Writing a model is creating a from-scratch reimplementation of the hardware. Unfortunately hardware documentation is often written for the device driver writer, not the implementor. You can see this difference of focus most clearly in documents that use phrasing like “you must do X” but which don’t say what happens when you do something else. That’s fine for a device driver writer, who can just stay safely in the area the documentation describes, but to write a good model you also need to know how to behave when the guest OS does do something non-standard. The ARM ARM scores well here, describing both sides of the hardware/software contract rather than merely making rules for software; it also carefully marks out the areas which are implementation defined or unpredictable.

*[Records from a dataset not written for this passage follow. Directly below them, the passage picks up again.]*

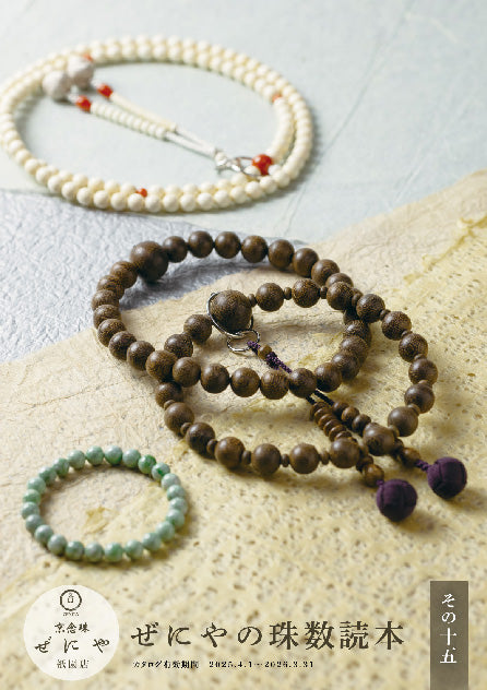 ぜにや秘蔵素材や希少な素材も登場。ご好評いただいております珠の形に特化した念珠も掲載しております。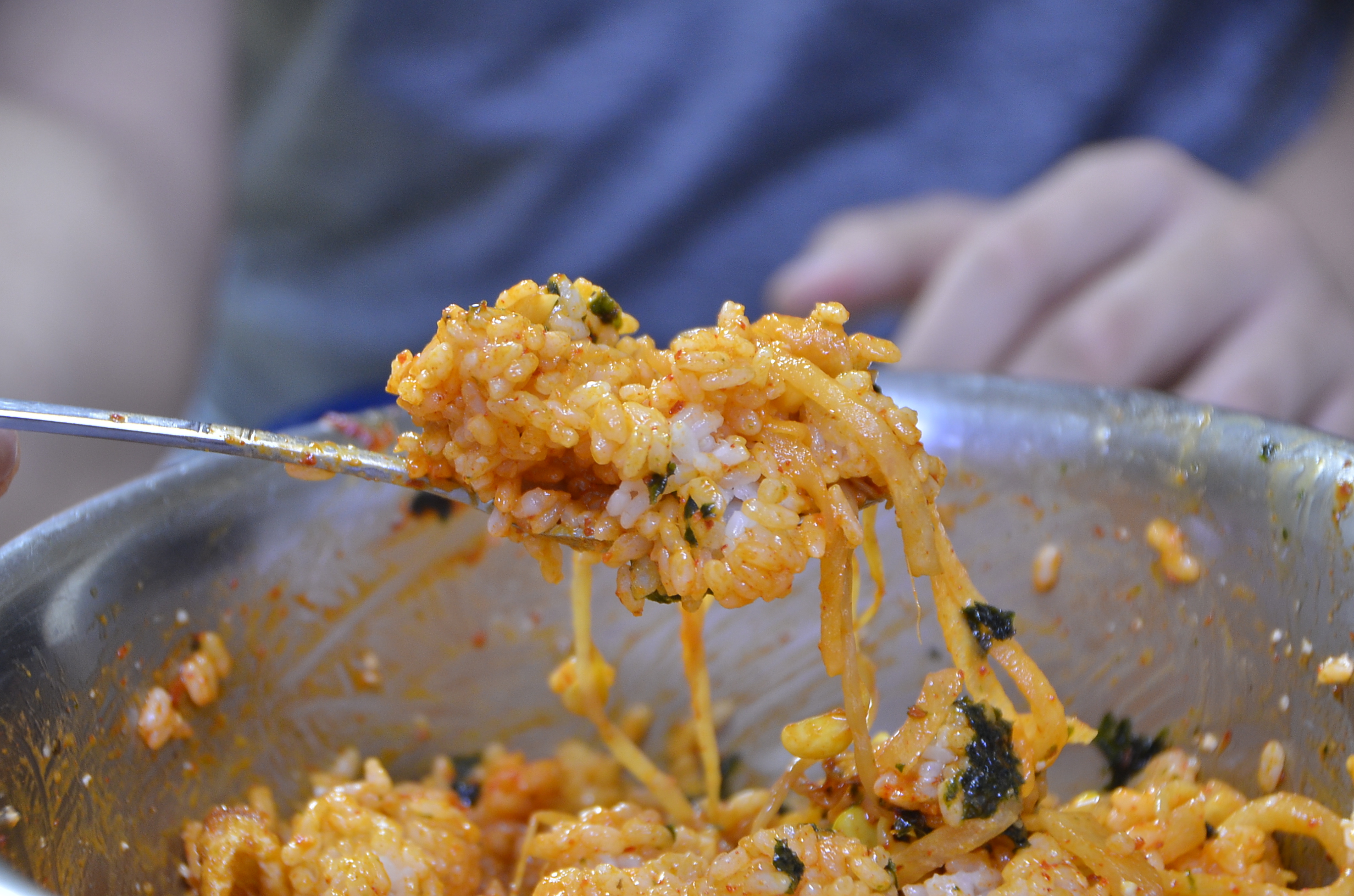 큰 양푼에 비벼 넣은 밥이 적지가 않은데 어느 사이 비워지는 마법 같은 비빔밥입니다.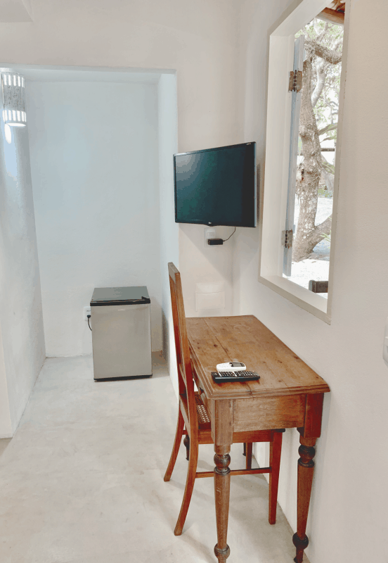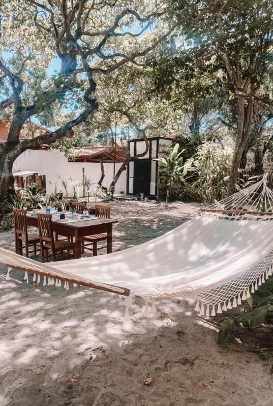A pousada acompanha a rusticidade e charme de Caraíva, com área externa de areia, quartos muito confortáveis, lindos cajueiros, mangueiras e flores espalhadas pelo jardim. Redes, esteiras, almofadas e o som de passarinhos tornam o ambiente perfeito para relaxar.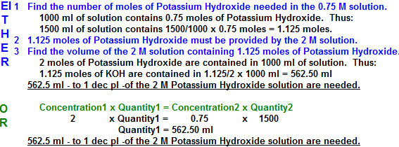 How many millilitres of 2 M Potassium Hydroxide are needed to prepare 1500 ml of 0.75 M Potassium Hydroxide? Answer to 1 decimal place.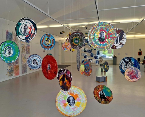 In der Ausstellung werden diese Arbeiten als Rauminstallation gezeigt, die Bilder können somit von beiden Seiten betrachtet werden.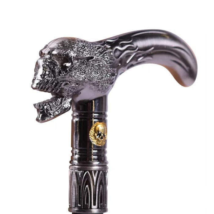 Deze prachtige wandelstok heeft een zwarte metalen stok met een rubberen anti slip dop aan de onderkant. De zilveren metalen handgreep heeft een doodskop aan de voorkant.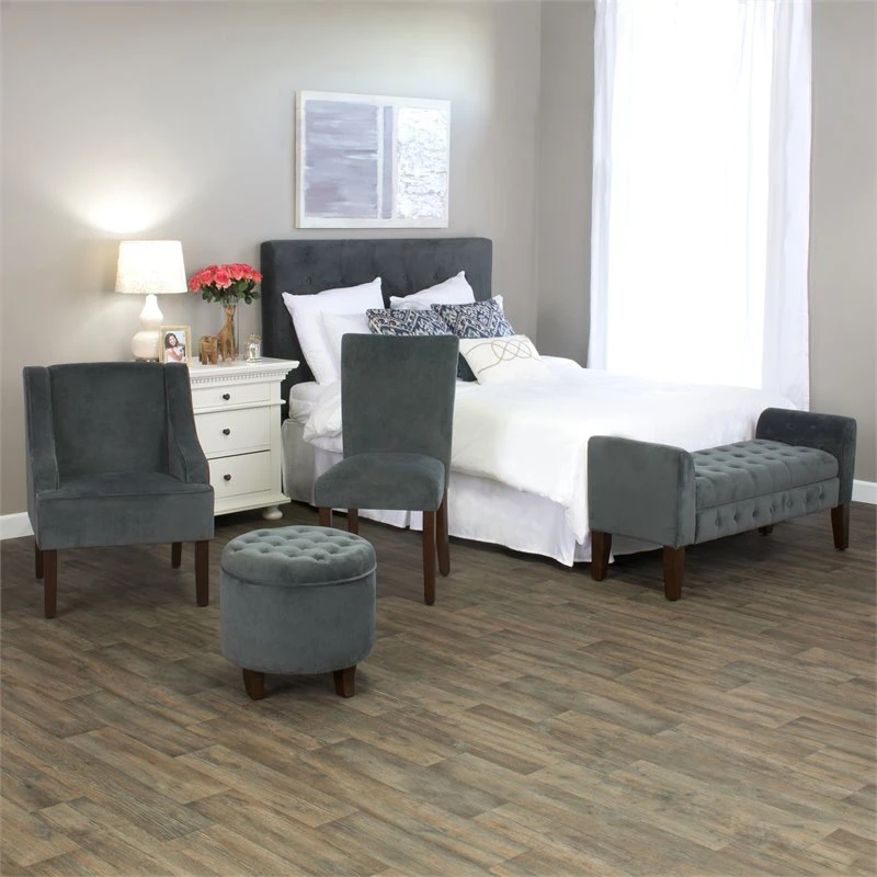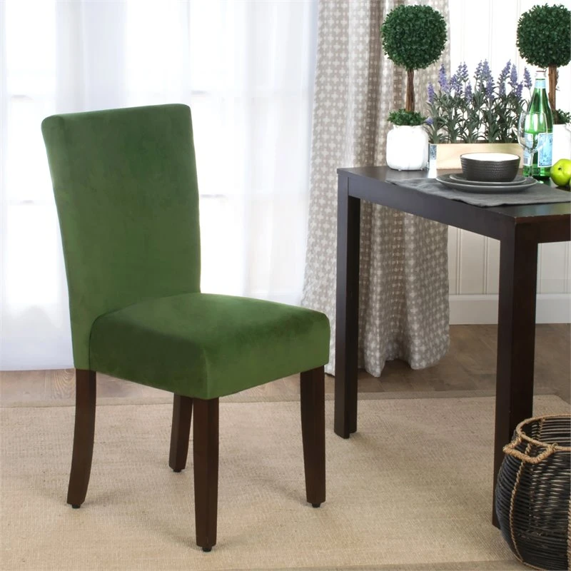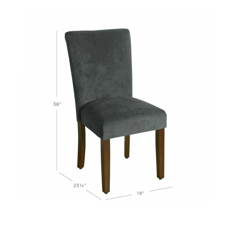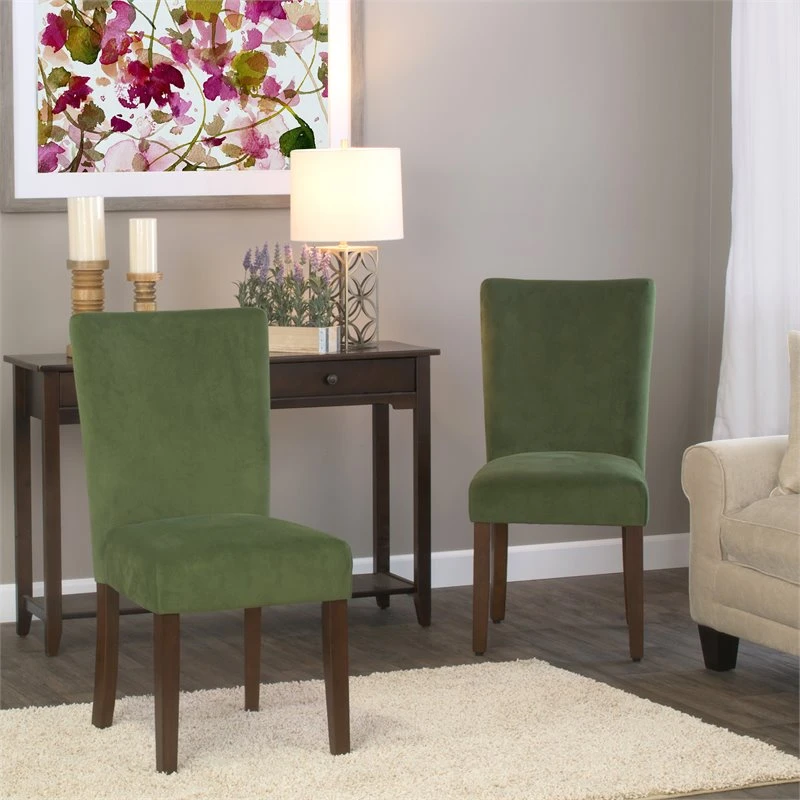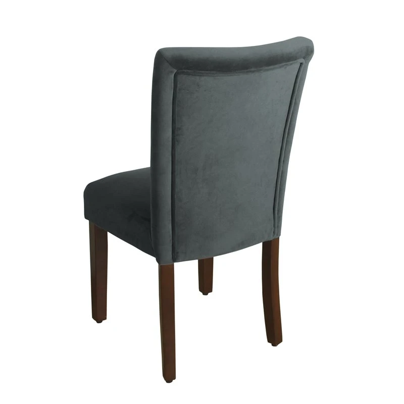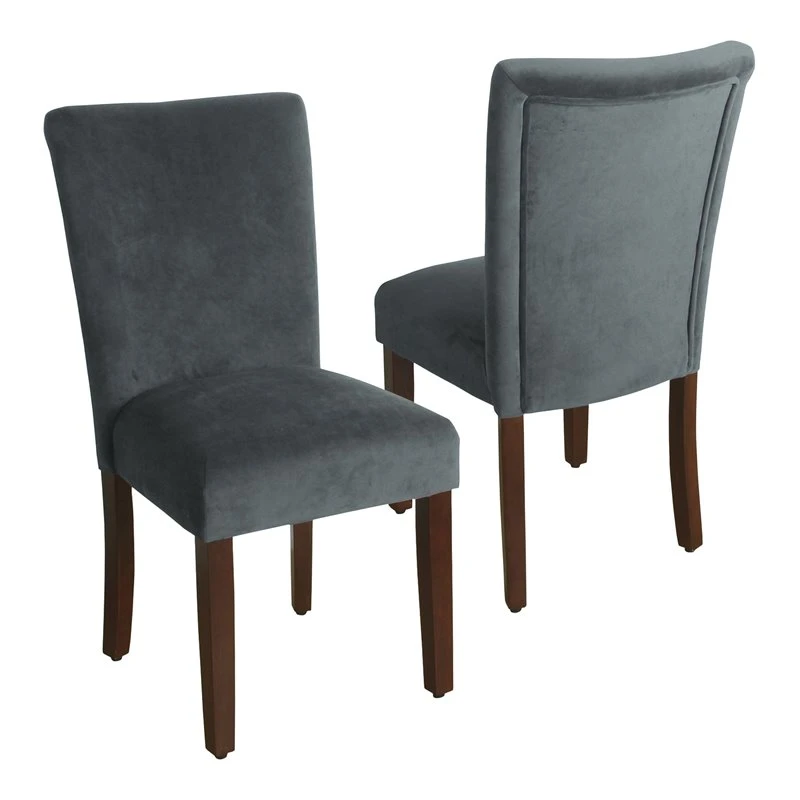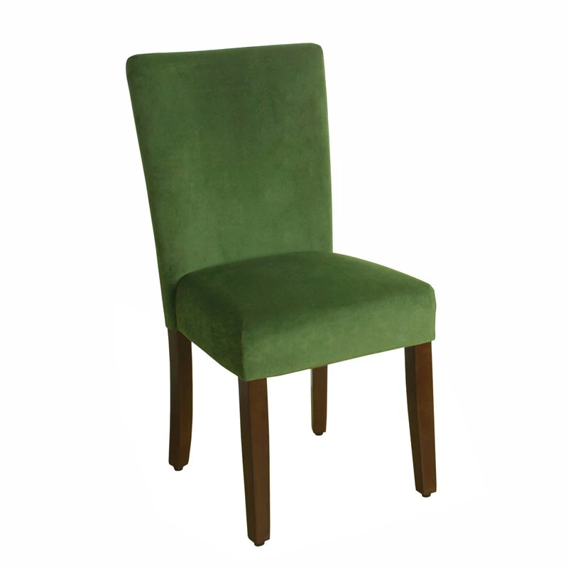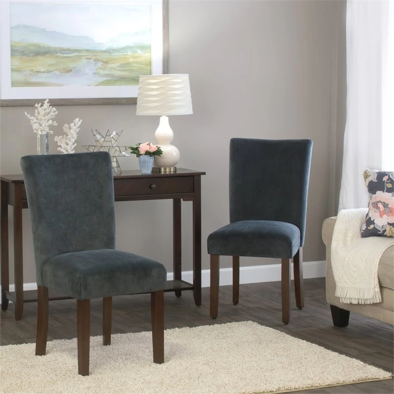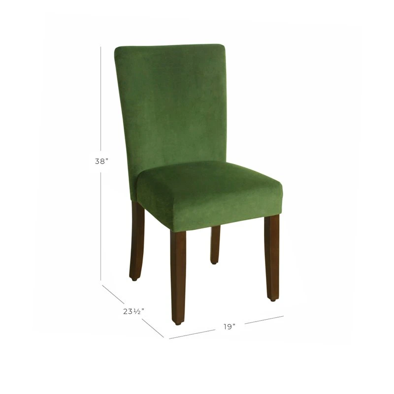 This elegant parson chair is featured in a premium velvet fabric that is both soft and durable. Buy this set of 2 chair to enhance your existing dining set with a new pop of color. Buy multiple sets of chairs to create a whole new dining ensemble. Use as a fun accent chair throughout the home. This chair has wood legs in a dark walnut finish. Available in 7 rich velvet colors. Matching HomePop velvet items available in the same color.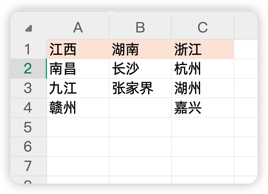 1、准备源数据:数据源的第一行放入我们的一级数据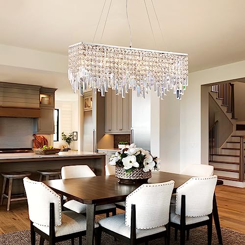 Siljoy Rectangle Crystal Chandelier, Modern Rectangular K9 Crystal Raindrop Chandelier, 6-Lights Flush Mount Pendant Ceiling Light Fixture for Dining Room Kitchen Island L31.5” x W8” x H12”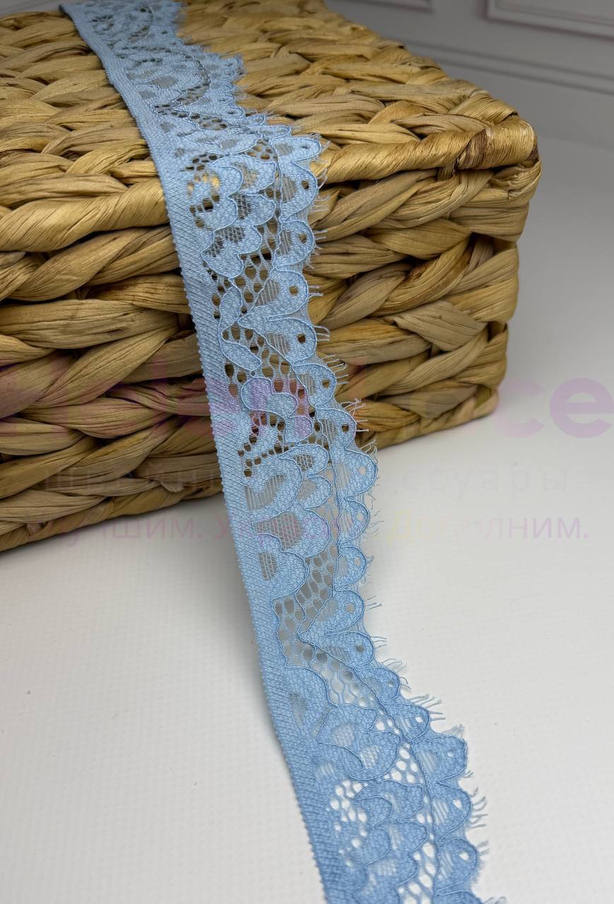 Кружево стрейч узкое, цвет голубой, ширина 4 см, KZY017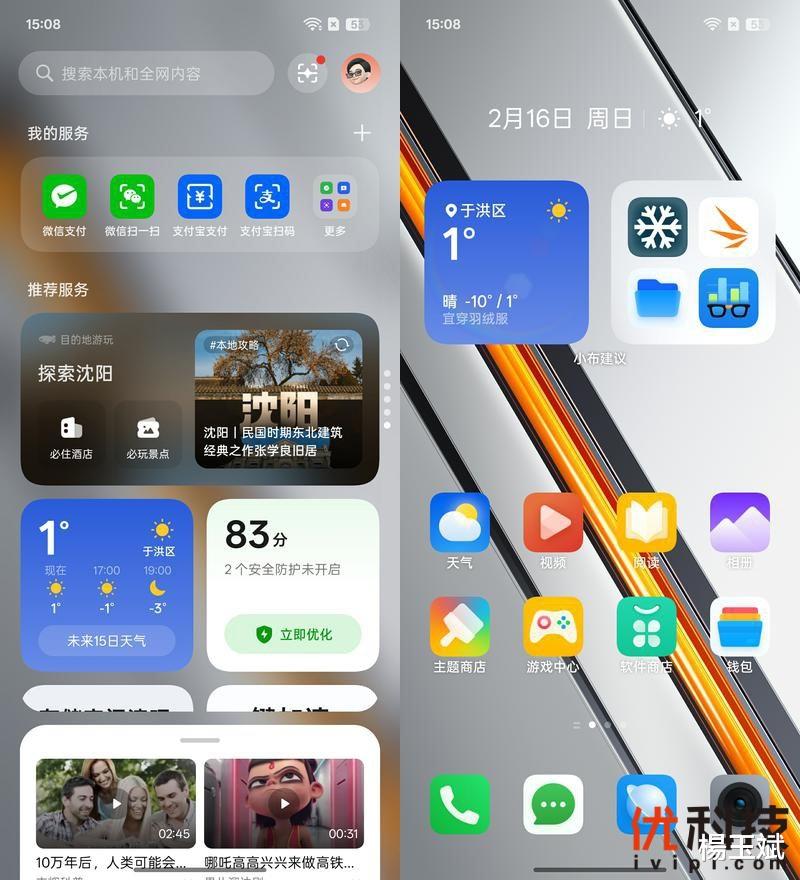 首先是系统页面设计上,系统支持多种桌面主题设定,并且图标排列等均支持自定义,同时桌面上的小布建议也是非常实用。至于负一屏则集成了多项实用小工具。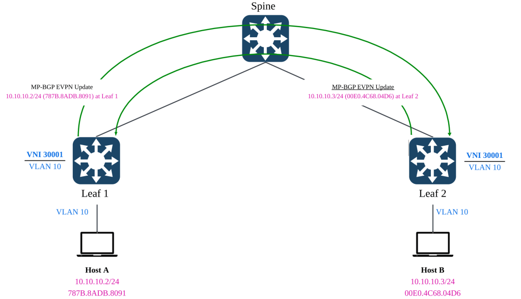 In the previous blog post in which we have discussed bridging using L2VNI, we have leveraged on MP-BGP EVPN address family. With EVPN supporting optional IP prefixes, VTEPs in the fabric are able to learn the MAC and IP bindings of the hosts, and the remote VTEPs that its located.

I also like documentation that doesn’t skimp on the details. If I’m halfway through writing some CPU emulation code and I reach a corner case, I want to be able to grab the manual and look up exactly how that corner case needs to be handled. The ARM ARM’s extensive use of pseudocode is a fantastic help here — it acts as a guide for the authors to ensure they really did write down all the corner case behaviours, and it’s a concise and unambiguous way to communicate them. (There’s a price, of course — the rev C is over 2600 pages — but I’ll willingly pay that.)

So it’s cool to see a new revision of an old friend; I wish everybody else’s docs were this good!